Every young Indian leaving the homeland for the United States is given the following orders by their parents: Don't eat any cow (It's still sacred!), don't go out too much, save (and save, and save) your money, and most important, do not marry a foreigner. Priya Rao left India when she was twenty to study in the U.S., and she's never been back. Now, seven years later, she's out of excuses. She has to return and give her family the news: She's engaged to Nick Collins, a kind, loving American man. It's going to break their hearts.
Returning to India is an overwhelming experience for Priya. When she was growing up, summer was all about mangoes-ripe, sweet mangoes, bursting with juices that dripped down your chin, hands, and neck. But after years away, she sweats as if she's never been through an Indian summer before. Everything looks dirtier than she remembered. And things that used to seem natural (a buffalo strolling down a newly laid asphalt road, for example) now feel totally chaotic.
But Priya's relatives remain the same. Her mother and father insist that it's time they arranged her marriage to a “nice Indian boy.” Her extended family talks of nothing but marriage-particularly the marriage of her uncle Anand, which still has them reeling. Not only did Anand marry a woman from another Indian state, but he also married for love. Happiness and love are not the point of her grandparents' or her parents' union. In her family's rule book, duty is at the top of the list.
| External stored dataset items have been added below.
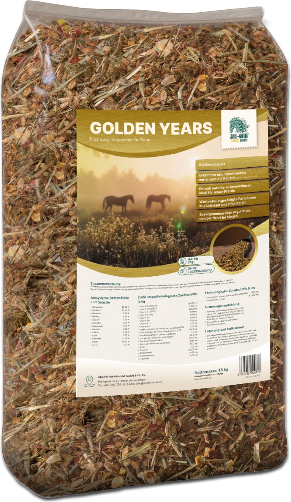Golden Years de ALL-WIN Horse: muesli para caballos mayores, sin avena y sin azúcares añadidos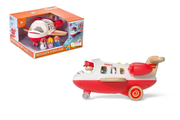 Buckle up and get ready for takeoff with the Wanborns Wooden Airplane with Sound and Light in a vibrant, adventure ready red. With just a press of a button, this delightful airplane springs to life, lighting up and playing cheerful melodies and realistic sounds that make every journey feel truly magical. A trusty wooden pilot is at the helm, ready to guide two eager passengers to their next exciting destination, whether it is a faraway land or just across the living room floor.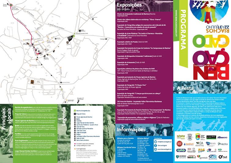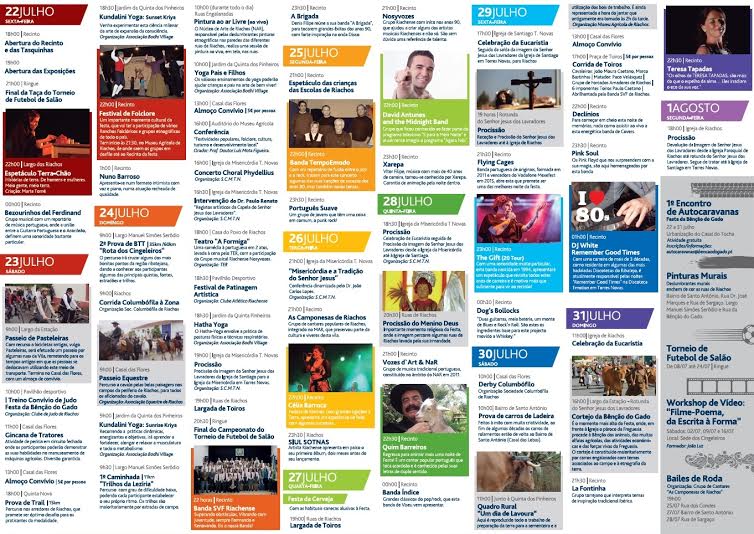 Mas o programa é muito mais extenso. Gincana de tratores, torneio de judo, passeio de pasteleiras, prova de trail, yoga, Festival de Folclore, corrida columbófila, caminhadas, teatro, patinagem artística, largada de toiros, exposição fotográfica, corrida de toiros, entre almoços de convívio e muito mais.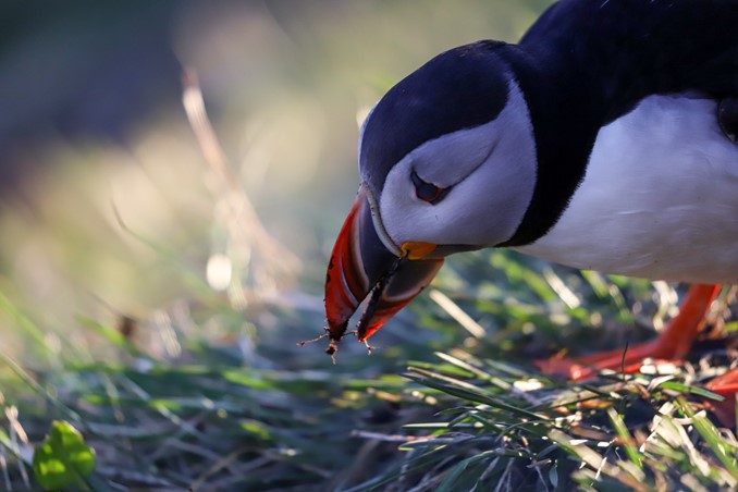 Unlike other seabirds, puffins don’t nest on open ledges, but instead, dig burrows into the soil. Using their beaks and feet, they dig tunnels that can be up to a metre long. These tunnels typically end in a nesting chamber, lined with grass, feathers, and other soft materials.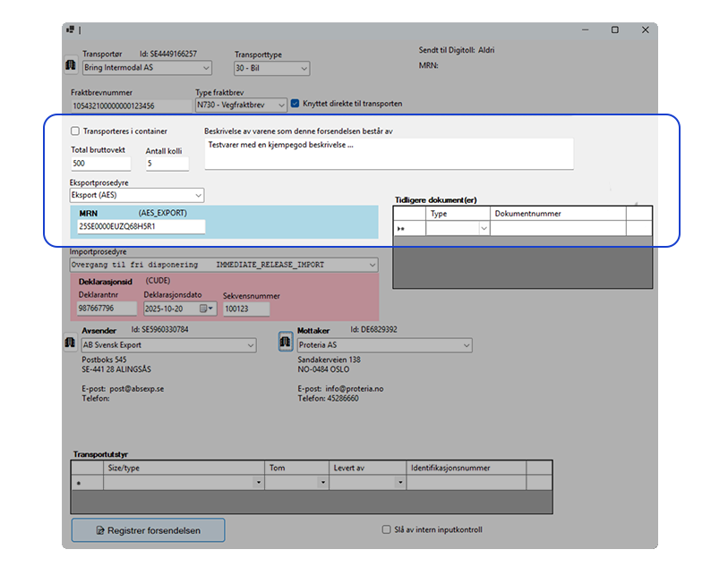 Det må registreres en forsendelse per fraktbrevnummer, og det fylles ut som følger.

Just as Priya begins to feel she can't possibly tell her family that she's engaged to an American, a secret is revealed that leaves her stunned and off-balance. Now she is forced to choose between the love of her family and Nick, the love of her life.
As sharp and intoxicating as sugarcane juice bought fresh from a market cart, The Mango Season is a delightful trip into the heart and soul of both contemporary India and a woman on the edge of a profound life change.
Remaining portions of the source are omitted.